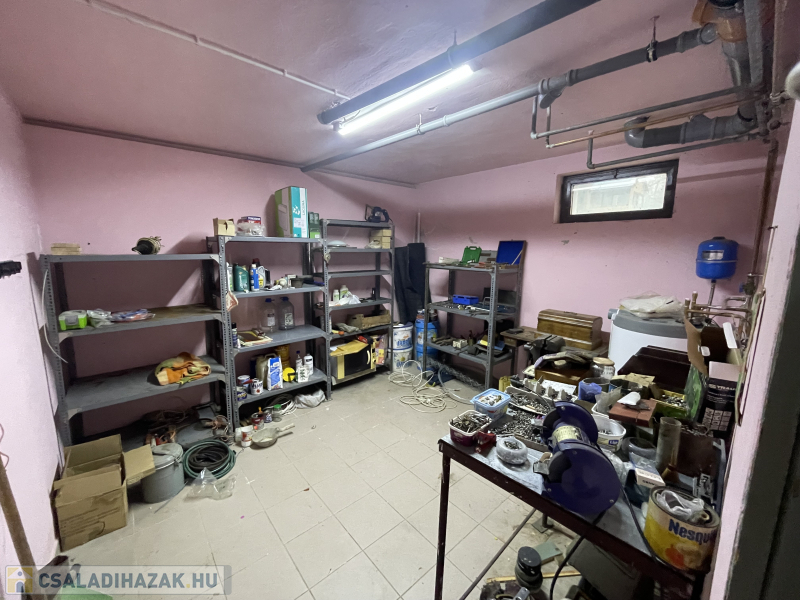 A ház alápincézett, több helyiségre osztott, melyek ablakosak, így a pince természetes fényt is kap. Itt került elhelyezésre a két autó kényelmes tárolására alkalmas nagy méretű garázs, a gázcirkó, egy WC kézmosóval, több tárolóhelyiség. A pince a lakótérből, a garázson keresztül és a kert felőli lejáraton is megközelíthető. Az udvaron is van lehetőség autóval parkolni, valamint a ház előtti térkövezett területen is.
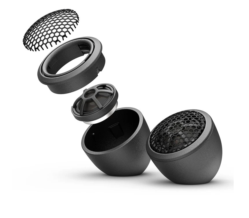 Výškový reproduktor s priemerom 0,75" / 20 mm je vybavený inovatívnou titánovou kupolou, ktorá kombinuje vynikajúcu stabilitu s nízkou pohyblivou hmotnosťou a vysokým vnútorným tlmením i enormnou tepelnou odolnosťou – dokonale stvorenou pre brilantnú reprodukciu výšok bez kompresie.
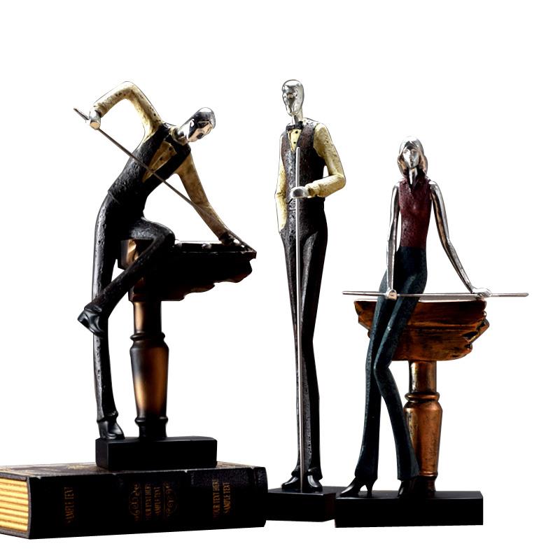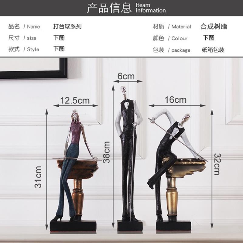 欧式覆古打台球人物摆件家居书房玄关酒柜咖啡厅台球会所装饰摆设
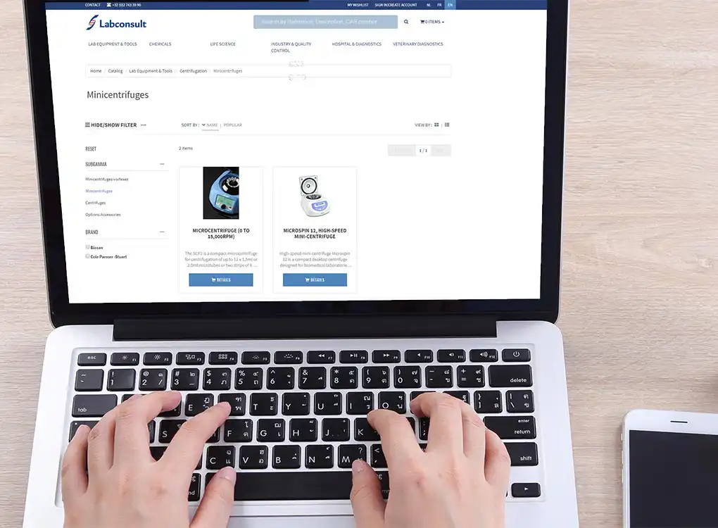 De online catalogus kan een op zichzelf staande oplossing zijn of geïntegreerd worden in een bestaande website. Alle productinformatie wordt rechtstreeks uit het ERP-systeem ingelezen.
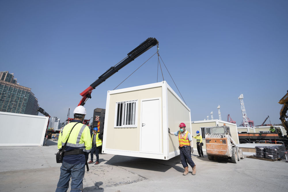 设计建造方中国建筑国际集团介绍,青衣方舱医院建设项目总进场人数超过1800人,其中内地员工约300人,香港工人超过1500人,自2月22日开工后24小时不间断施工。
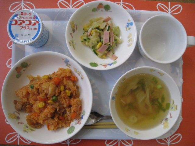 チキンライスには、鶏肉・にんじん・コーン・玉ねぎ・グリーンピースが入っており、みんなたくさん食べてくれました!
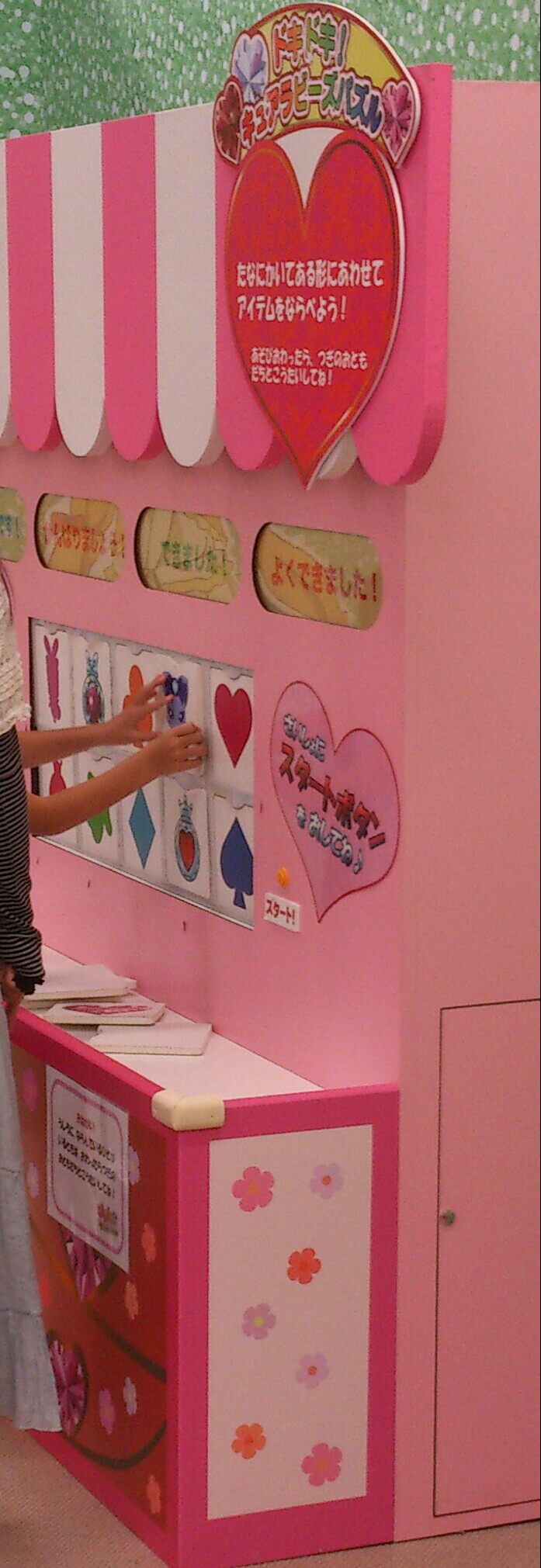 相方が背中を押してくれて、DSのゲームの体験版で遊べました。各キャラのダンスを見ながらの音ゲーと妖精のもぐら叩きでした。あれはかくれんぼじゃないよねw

_____

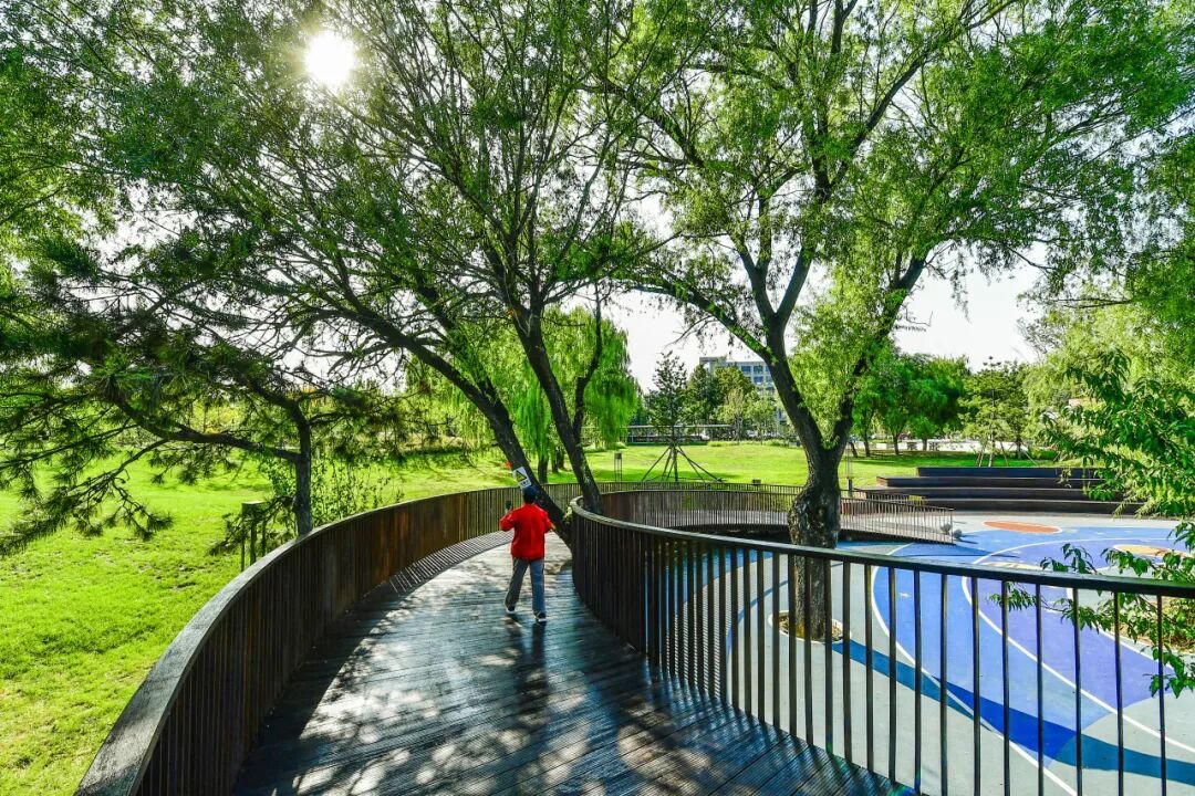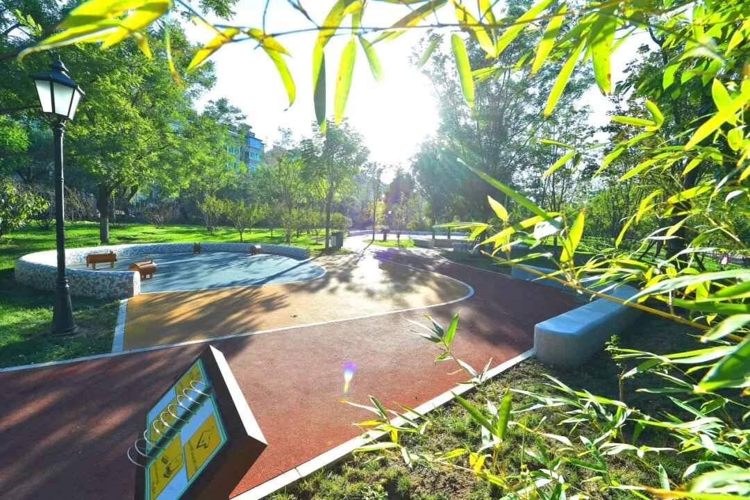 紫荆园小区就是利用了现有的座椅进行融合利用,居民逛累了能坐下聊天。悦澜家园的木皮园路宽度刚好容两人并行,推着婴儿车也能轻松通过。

_____

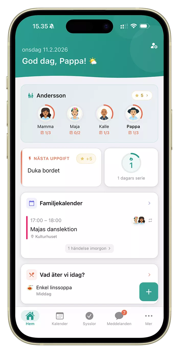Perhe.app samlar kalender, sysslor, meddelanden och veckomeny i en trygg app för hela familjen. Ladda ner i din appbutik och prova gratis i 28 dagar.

_____

What lines above run from the one with "欧式覆古打台球人物摆件家居书房玄关酒柜咖啡厅台球会所装饰摆设" to the one with "相方が背中を押してくれて、D"? Give them again exactly, ends included, and leave the pictures out.

◆ **Task response**
 欧式覆古打台球人物摆件家居书房玄关酒柜咖啡厅台球会所装饰摆设
 De online catalogus kan een op zichzelf staande oplossing zijn of geïntegreerd worden in een bestaande website. Alle productinformatie wordt rechtstreeks uit het ERP-systeem ingelezen.
 设计建造方中国建筑国际集团介绍,青衣方舱医院建设项目总进场人数超过1800人,其中内地员工约300人,香港工人超过1500人,自2月22日开工后24小时不间断施工。
 チキンライスには、鶏肉・にんじん・コーン・玉ねぎ・グリーンピースが入っており、みんなたくさん食べてくれました!
 相方が背中を押してくれて、DSのゲームの体験版で遊べました。各キャラのダンスを見ながらの音ゲーと妖精のもぐら叩きでした。あれはかくれんぼじゃないよねw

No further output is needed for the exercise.